• Nocturne parisien

          A Edmond Lepelletier.

    Roule, roule ton flot indolent, morne Seine. —
    Sous tes ponts qu'environne une vapeur malsaine
    Bien des corps ont passé, morts, horribles, pourris,
    Dont les âmes avaient pour meurtrier Paris.
    Mais tu n'en traînes pas, en tes ondes glacées,
    Autant que ton aspect m'inspire de pensées!

    Le Tibre a sur ses bords des ruines qui font
    Monter le voyageur vers un passé profond,
    Et qui, de lierre noir et lichen couvertes,
    Apparaissent, tas gris, parmi les herbes vertes.
    Le gai Guadalquivir rit aux blonds orangers
    En reflète, les soirs, des boléros légers.
    Le Pactole a son or.
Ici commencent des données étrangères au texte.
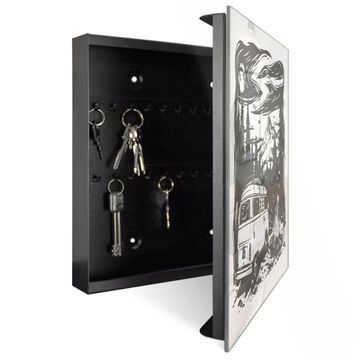 Schlüsselkasten Glas Motiv Abenteuerliche Campingszene
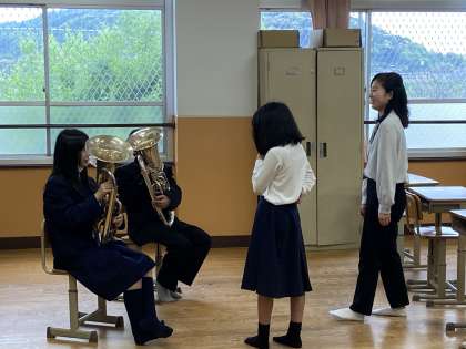 そんな中,校舎内を巡っていると吹奏楽部が楽器のパートに分かれて空き教室などで練習をしていました。
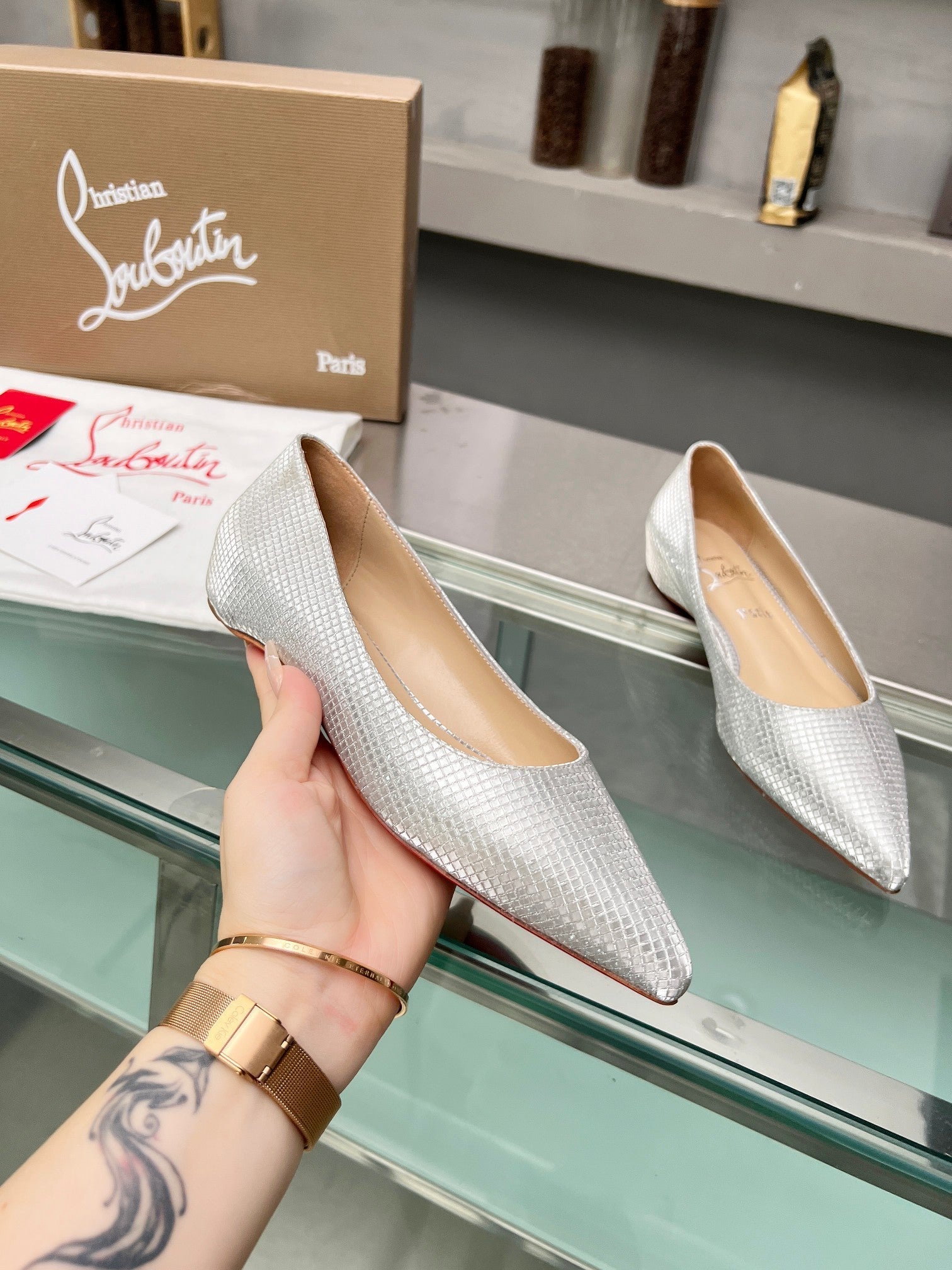 CL Kate Ballerina Flats Sequin Fabric Silver
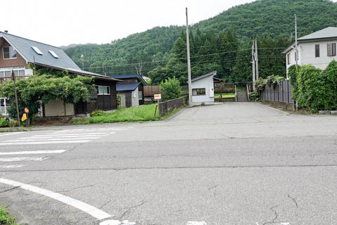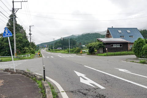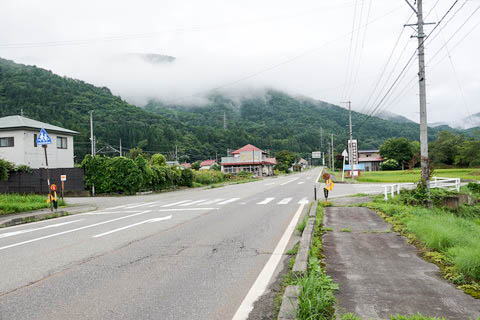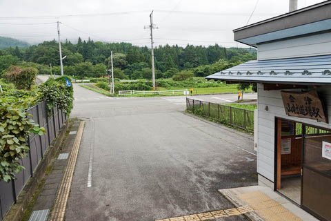 | 駅前を通る国道121号線にて南側(栃木県方面・山王峠側)を見る。 駅は左手奥で、十字路を右へ 『会津山村道場うさぎの森キャンプ場』・『奥会津博物館』 方面である。 国道沿いも含め民家・店舗はまばらである。 |

Le Bosphore a sa rive
    Où vient faire son kief l'odalisque lascive.
    Le Rhin est un burgrave, et c'est un troubadour
    Que le Lignon, et c'est un ruffian que l'Adour.
    Le Nil, au bruit plaintif de ses eaux endormies,
    Berce de rêves doux le sommeil des momies.
    Le grand Meschascébé, fier de ses joncs sacrés,
    Charrie augustement ses îlots mordorés,
    Et soudain, beau d'éclairs, de fracas et de fastes,
    Splendidement s'écroule en Niagaras vastes.
    L'Eurotas, où l'essaim des cygnes familiers
    Mêle sa grâce blanche au vert mat des lauriers,
    Sous son ciel clair que raie un vol de gypaète,
    Rhytmique et caressant, chante ainsi qu'un poète.
    Enfin, Ganga, parmi les hauts palmiers tremblants
    Et les rouges padmas, marche à pas fiers et lents,
    En appareil royal, tandis qu'au loin la foule
    Le long des temples va hurlant, vivante houle,
    Au claquement massif des cymbales de bois,
    Et qu'accroupi, filant ses notes de hautbois,
    Du saut de l'antilope agile attendant l'heure,
    Le tigre jaune au dos rayé s'étire et pleure.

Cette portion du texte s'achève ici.